Opt-out also has limitations, and the paper lists five:

  1. Opt-out is “less likely to engender the kind of committed follow-up that is often useful when it comes to implementing the decision
  2. opt-out ‘choices’in many situations are less likely to reflect decision makers’ true preferences than will more active choices
  3. in some situations, passive choices are more likely to result in waste or inefficiency
  4. legally or ethically unacceptable
  5. opt-out policies can be counterproductive if those who implement them view them as a substitute for other, more substantive, interventions

(Enhanced) Active Choice
To circumvent some drawbacks of opt-in, whilst retaining the pros, an alternative is active choice: forcing people to choose. The authors elaborate on that:

In this paper, we examine a modified approach that we call ‘Enhanced Active Choice’ that advantages the option preferred by the communicator by highlighting losses incumbent in the non-preferred alternative.

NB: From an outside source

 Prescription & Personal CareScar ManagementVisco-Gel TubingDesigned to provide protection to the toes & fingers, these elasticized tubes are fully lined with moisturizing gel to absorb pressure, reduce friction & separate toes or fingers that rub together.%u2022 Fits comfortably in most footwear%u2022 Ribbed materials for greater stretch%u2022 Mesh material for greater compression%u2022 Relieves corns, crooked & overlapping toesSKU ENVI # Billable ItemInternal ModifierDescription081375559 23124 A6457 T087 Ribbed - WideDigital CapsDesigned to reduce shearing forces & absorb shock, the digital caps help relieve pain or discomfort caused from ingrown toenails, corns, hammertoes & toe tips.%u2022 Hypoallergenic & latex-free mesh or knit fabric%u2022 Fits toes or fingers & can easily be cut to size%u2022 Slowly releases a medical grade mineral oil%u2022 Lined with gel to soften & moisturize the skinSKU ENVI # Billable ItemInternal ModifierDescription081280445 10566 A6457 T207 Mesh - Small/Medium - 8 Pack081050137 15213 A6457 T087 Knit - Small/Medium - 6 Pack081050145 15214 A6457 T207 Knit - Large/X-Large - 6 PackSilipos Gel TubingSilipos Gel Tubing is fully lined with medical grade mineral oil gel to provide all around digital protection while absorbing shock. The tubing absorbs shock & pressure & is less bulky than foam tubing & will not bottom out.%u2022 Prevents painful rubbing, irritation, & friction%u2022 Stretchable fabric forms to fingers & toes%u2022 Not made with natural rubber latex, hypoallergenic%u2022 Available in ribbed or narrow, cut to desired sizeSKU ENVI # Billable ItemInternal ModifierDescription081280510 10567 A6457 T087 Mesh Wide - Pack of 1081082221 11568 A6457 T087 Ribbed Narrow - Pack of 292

In four studies they tests these hypotheses:

In sum, our main hypotheses are (H1) that Active Choice (‘unenhanced’ or basic and ‘enhanced’) will result in more compliance than opt-in non-enrollment defaults, and (H2) that Enhanced Active Choice will result in more compliance than basic Active Choice.

Results
In studies 1 and 2 participants (total N=55 and N=110 respectively, which translates to N≈18 and N≈27 per experimental group) were asked their intention to get a flu-shot.

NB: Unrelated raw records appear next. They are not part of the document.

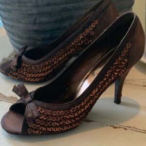 brown sequin and fabric peep toe with bow 4in. small blemish on left heel - can't see with color of fabric
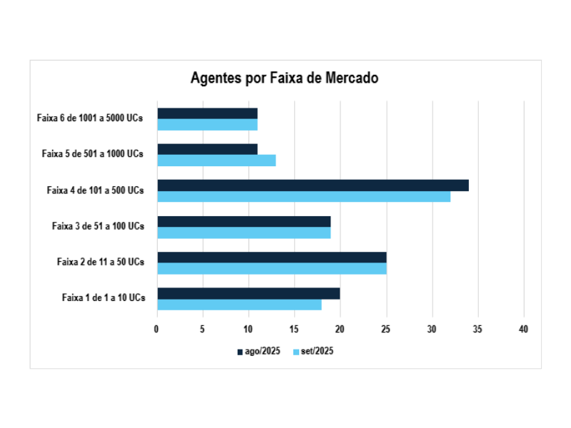 - A faixa de 101 a 500 UCs segue como a mais representativa do mercado, agora com 33 agentes ativos, uma leve redução em relação aos 34 registrados no mês anterior. Ainda assim, essa faixa concentra o maior número de comercializadoras com operação ativa, reforçando seu papel como principal porta de entrada no ACL. Essa estabilidade pode indicar o início de uma transição do mercado para um novo ciclo de consolidação.
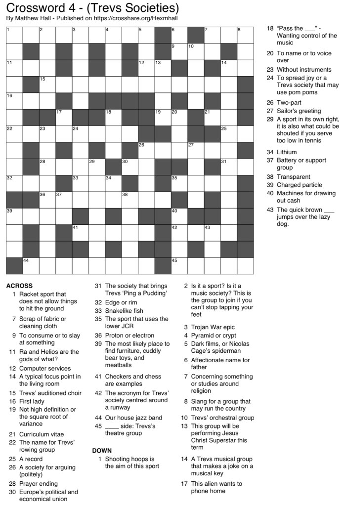 For the fourth crossword, Matthew has themed it around Trevs clubs and societies

In study 1, agreement for Active Choice and Enhanced Active Choice (62% and 75% agreed to get flu-shot) was significantly higher than for Opt-in (42%). Active Choice was framed as (Underlined portion was only shown in Enhanced Active Choice-condition):

“I will get a Flu Shot this Fall to reduce my risk of getting the flu and I want to save $50 or, I will not get a Flu Shot this Fall even if it means I may increase my risk of getting the flu and I don’t want to save $50.

Similarly, in study 2, Enhanced Active Choice (93% did not choose alternative “I want to remind myself to get a flu shot”) was higher than Opt-in (45%). However, in contrast to study 1, Active Choice also resulted in lower agreement (52%).

Studies 3 (telephone, N=9,950) & 4 (website, N=11,182) looked at real medicine prescription refills and strived to enroll people in an automatic refill program. In both studies, Enhanced Active Choice resulted in significantly more enrollment than Active Choice: study 3: 32.0% vs 15.7%, and study 4: 21.9% vs 12.3%.

Some criticism on stats en framing
Oddly enough, in studies 1 & 2 the authors employ ANOVAs to compare %s, in studies 3 & 4 they (correctly I think) use χ²-tests. Perhaps because for study 1, and generously assuming group sizes of N=20, the χ²=5.07, which results in a p=0.079 with two degrees of freedom?

Furthermore, I fail to see how enhanced (i.e. “highlighting losses incumbent in the non-preferred alternative“) the following choices are:

  • Study 2: “I want to remind myself to get a flu shot”
  • Study 3: “press 1 if they preferred to refill their own prescription by themselves each time
  • Study 4: “I Prefer to Order my Own Refills”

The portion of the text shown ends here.